Bursting with swirling lines and intertwining planes of high-keyed imagery, Beach exhibits the artist’s “trademark marriage of computerized precision and free-floating fantasy” (Robert Rosenblum, “Dream Machine,” in: Exh. Cat., Berlin, Jeff Koons: Easyfun-Ethereal, Deutsche Guggenheim, p. 46). In the present work, Koons creates a complex web of iconographic juxtapositions: kernels of corn beside a hand resting atop a woman’s backside; a shimmering diamond chain draping across a scant lilac undergarment; bright blonde hair framing lush green leaves; the swelling tide of a river rushing behind a pile of steamed green beans. Koons melds the images together, creating a structure that brims with drama and energy—yet his bold and sweeping lines subvert the implications of physical gestural energy, as they have in fact been edited, enlarged, and layered in Photoshop before being carefully repainted with photorealist precision. His process of making bespeaks the contemporary moment and its endless possibilities for creation. In terms particularly evocative of the present work, Michelle Kuo writes that his use of digital technology “represent[s] the complete reversal of the serial production of Minimalism and the legacy of sculptural multiples that preceded it...Koons’s work forces the new digital customization into confrontation with the industrial-era act of making an identical copy” (Michel Kuo in: Exh. Cat., New York, The Whitney Museum of American Art, Jeff Koons: A Retrospective, 2014, pp. 251-52).
Despite its contemporary means of production, Beach exhibits a deep resonance with the history of art, drawing upon the spectacle of the Baroque, the fantastical ethos of Surrealism, and the turn to consumer culture of Pop art. In describing Koons’s affinity to the Baroque, art historian Robert Rosenblum explains that the “intricate, gravity-defiant asymmetries of many of Koons’s restlessly curving shapes—the curls of a salad green, the undulant contours of breeze-blown hair—revive the language of the most spectacularly ornate manifestations of German Baroque” (Robert Rosenblum, “Dream Machine,” in: Exh. Cat., Berlin, Deutsche Guggenheim, Jeff Koons: Easyfun-Ethereal, 2000, p. 49). With its incorporation of commercial imagery and its adaptation of advertising techniques, Beach takes on the legacy of Pop, drawing particular influence from the work of James Rosenquist. Its evocation of free association calls to mind the Surrealist fascination with the unconscious mind and its relation to sexual desire. Koons revels in the artistic legacy of the great masters of art history to create an image that is uniquely of its time and continuous with the past.

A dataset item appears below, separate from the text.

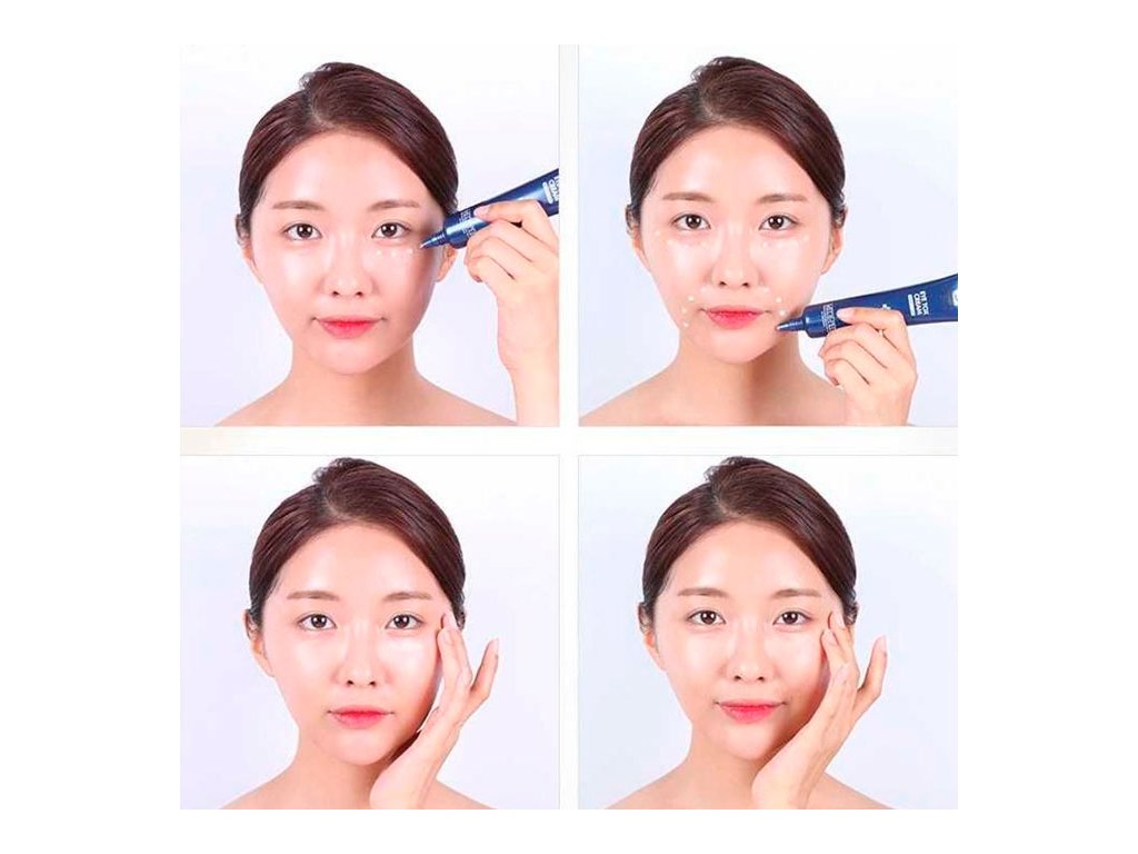 2. Nanes krém kolem očí, na nosoretní vrásky a oblast mezi obočím.

Visually arresting and supremely seductive, Beach serves as a veritable testament to Koons’s artistic achievement. Its technical perfection and thematic effervescence create a dreamland of total delight; Beach “rush[es] us from one enchantment to another, from the pleasures of childhood food, fun and games...to the pleasures of grown-up lust...In other words, the range embraces two of the constant obsessions in Koons’s art—kid stuff and sex” (Ibid, pp. 46-49).